Copy the lines below word for word, skipping any image.

### RECORD EXCERPTS
---+---
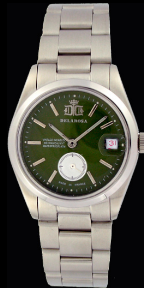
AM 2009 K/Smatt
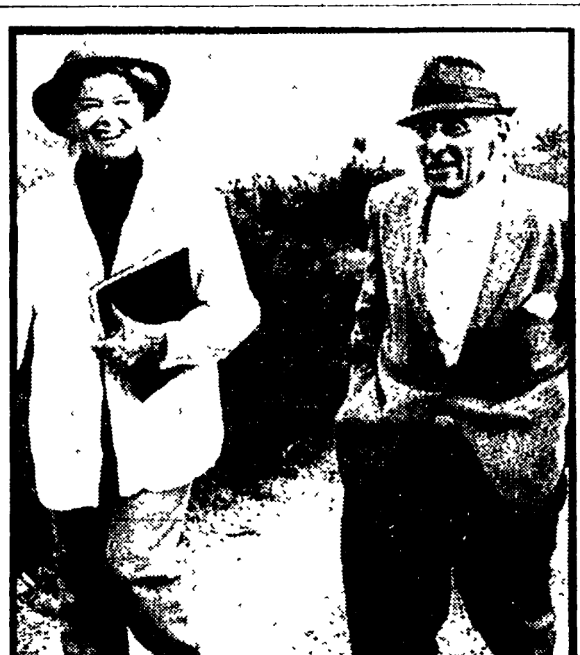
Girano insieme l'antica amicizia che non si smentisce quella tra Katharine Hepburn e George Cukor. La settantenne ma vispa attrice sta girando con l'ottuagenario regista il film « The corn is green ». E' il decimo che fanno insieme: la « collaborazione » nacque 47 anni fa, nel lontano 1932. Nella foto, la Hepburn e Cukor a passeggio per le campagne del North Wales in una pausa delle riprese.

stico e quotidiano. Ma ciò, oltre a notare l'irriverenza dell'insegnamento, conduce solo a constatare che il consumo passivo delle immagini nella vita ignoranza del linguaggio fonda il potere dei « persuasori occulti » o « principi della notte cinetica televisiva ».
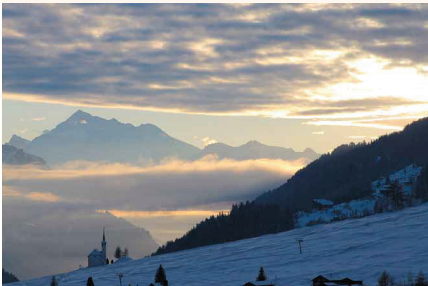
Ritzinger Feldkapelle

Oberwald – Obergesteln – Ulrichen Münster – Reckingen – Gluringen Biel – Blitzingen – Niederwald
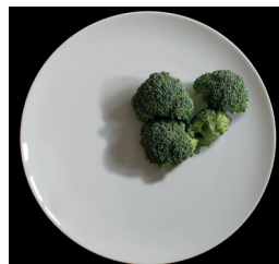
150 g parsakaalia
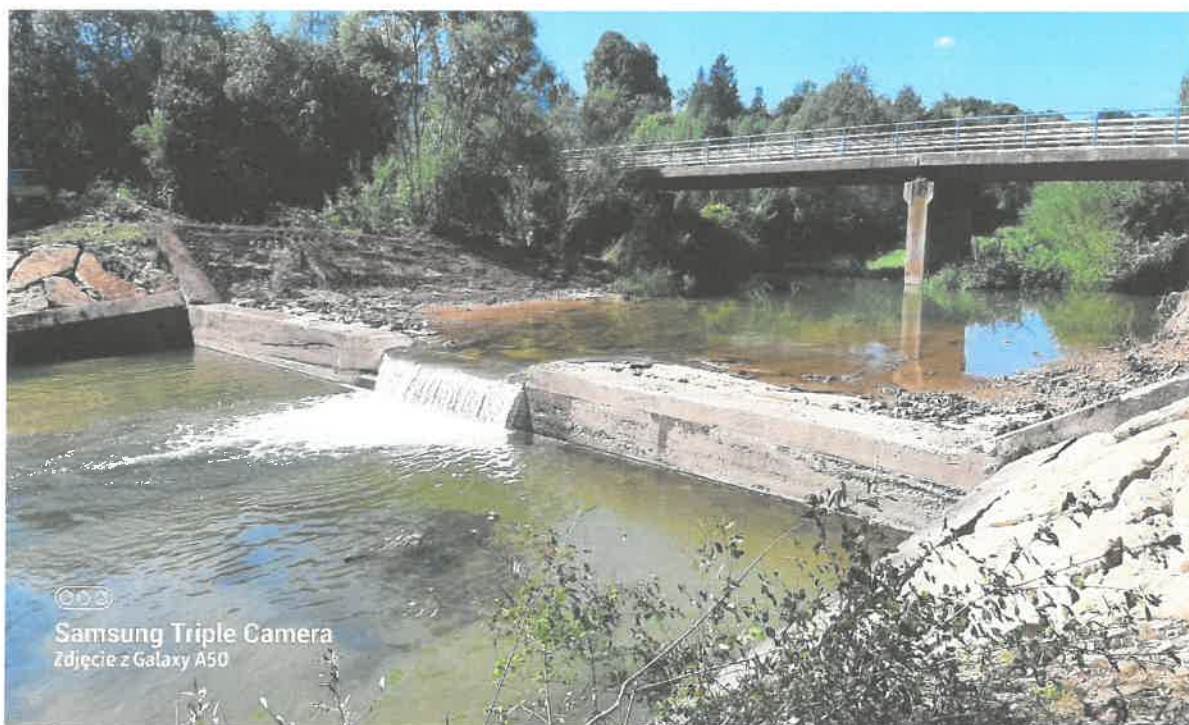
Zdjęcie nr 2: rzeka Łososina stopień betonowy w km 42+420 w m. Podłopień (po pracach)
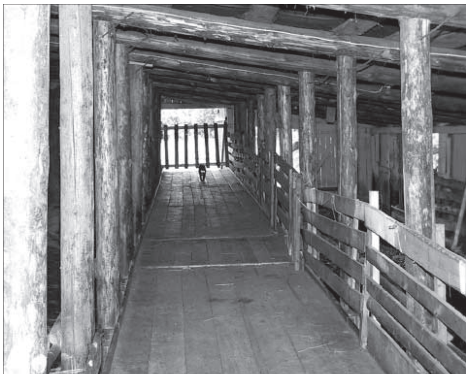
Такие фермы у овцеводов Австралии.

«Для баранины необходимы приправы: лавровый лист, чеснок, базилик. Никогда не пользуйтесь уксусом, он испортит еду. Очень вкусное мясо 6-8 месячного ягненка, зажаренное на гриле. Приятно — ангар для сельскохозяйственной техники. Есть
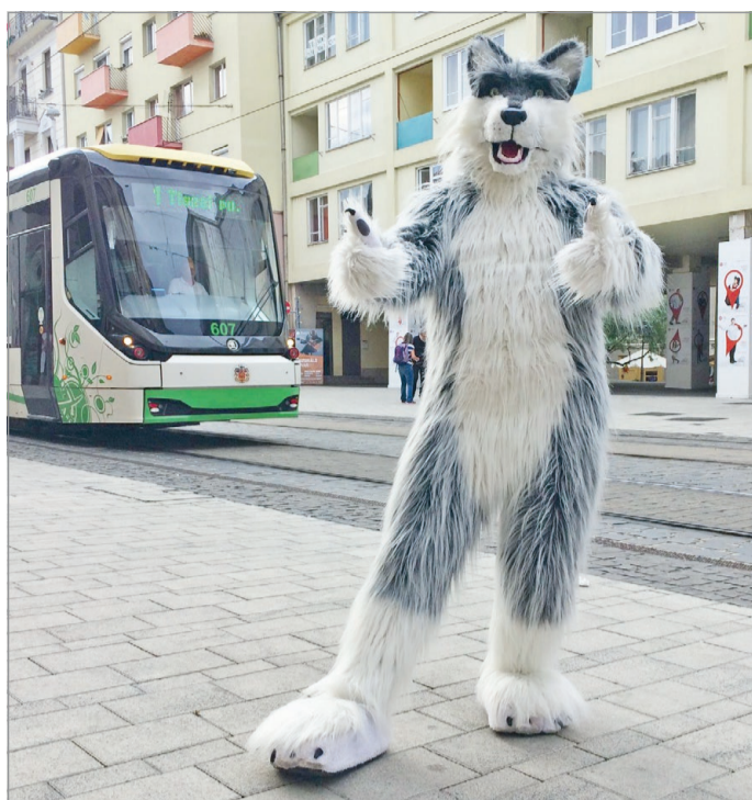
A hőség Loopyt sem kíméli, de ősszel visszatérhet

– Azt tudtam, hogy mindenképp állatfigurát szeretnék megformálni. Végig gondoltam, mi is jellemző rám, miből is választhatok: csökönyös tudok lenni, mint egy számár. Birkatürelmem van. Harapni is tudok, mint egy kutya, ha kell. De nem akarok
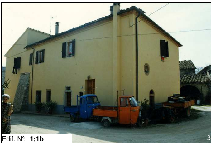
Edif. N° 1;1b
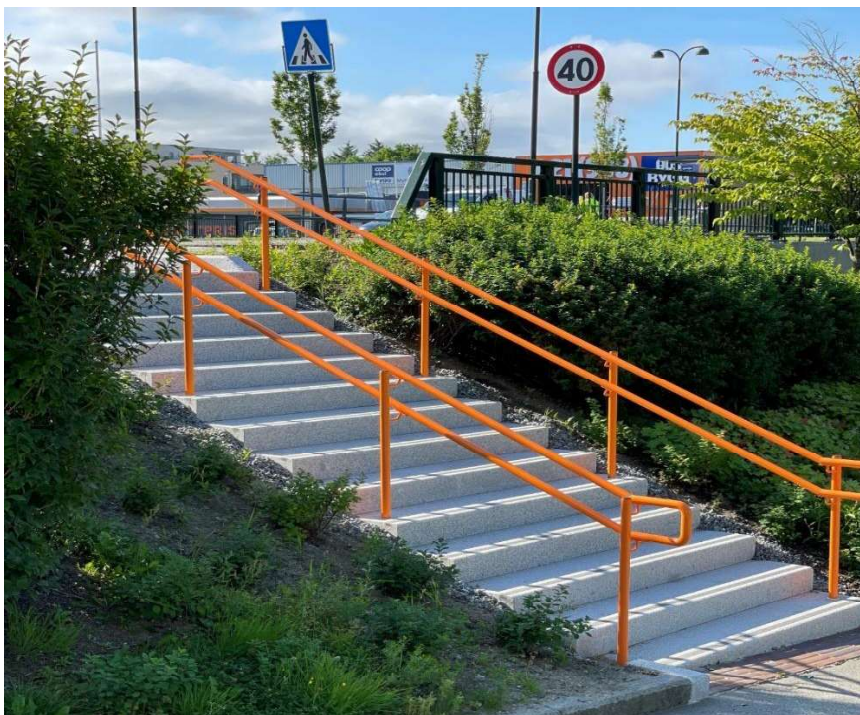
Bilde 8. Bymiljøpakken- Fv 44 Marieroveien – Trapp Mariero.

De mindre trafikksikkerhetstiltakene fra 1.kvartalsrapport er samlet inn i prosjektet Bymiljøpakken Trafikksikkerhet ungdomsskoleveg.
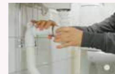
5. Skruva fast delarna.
---+---
### EXERCISE RESPONSE
AM 2009 K/Smatt
Girano insieme l'antica amicizia che non si smentisce quella tra Katharine Hepburn e George Cukor. La settantenne ma vispa attrice sta girando con l'ottuagenario regista il film « The corn is green ». E' il decimo che fanno insieme: la « collaborazione » nacque 47 anni fa, nel lontano 1932. Nella foto, la Hepburn e Cukor a passeggio per le campagne del North Wales in una pausa delle riprese.

stico e quotidiano. Ma ciò, oltre a notare l'irriverenza dell'insegnamento, conduce solo a constatare che il consumo passivo delle immagini nella vita ignoranza del linguaggio fonda il potere dei « persuasori occulti » o « principi della notte cinetica televisiva ».
Ritzinger Feldkapelle

Oberwald – Obergesteln – Ulrichen Münster – Reckingen – Gluringen Biel – Blitzingen – Niederwald
150 g parsakaalia
Zdjęcie nr 2: rzeka Łososina stopień betonowy w km 42+420 w m. Podłopień (po pracach)
Такие фермы у овцеводов Австралии.

«Для баранины необходимы приправы: лавровый лист, чеснок, базилик. Никогда не пользуйтесь уксусом, он испортит еду. Очень вкусное мясо 6-8 месячного ягненка, зажаренное на гриле. Приятно — ангар для сельскохозяйственной техники. Есть
A hőség Loopyt sem kíméli, de ősszel visszatérhet

– Azt tudtam, hogy mindenképp állatfigurát szeretnék megformálni. Végig gondoltam, mi is jellemző rám, miből is választhatok: csökönyös tudok lenni, mint egy számár. Birkatürelmem van. Harapni is tudok, mint egy kutya, ha kell. De nem akarok
Edif. N° 1;1b
Bilde 8. Bymiljøpakken- Fv 44 Marieroveien – Trapp Mariero.

De mindre trafikksikkerhetstiltakene fra 1.kvartalsrapport er samlet inn i prosjektet Bymiljøpakken Trafikksikkerhet ungdomsskoleveg.
5. Skruva fast delarna.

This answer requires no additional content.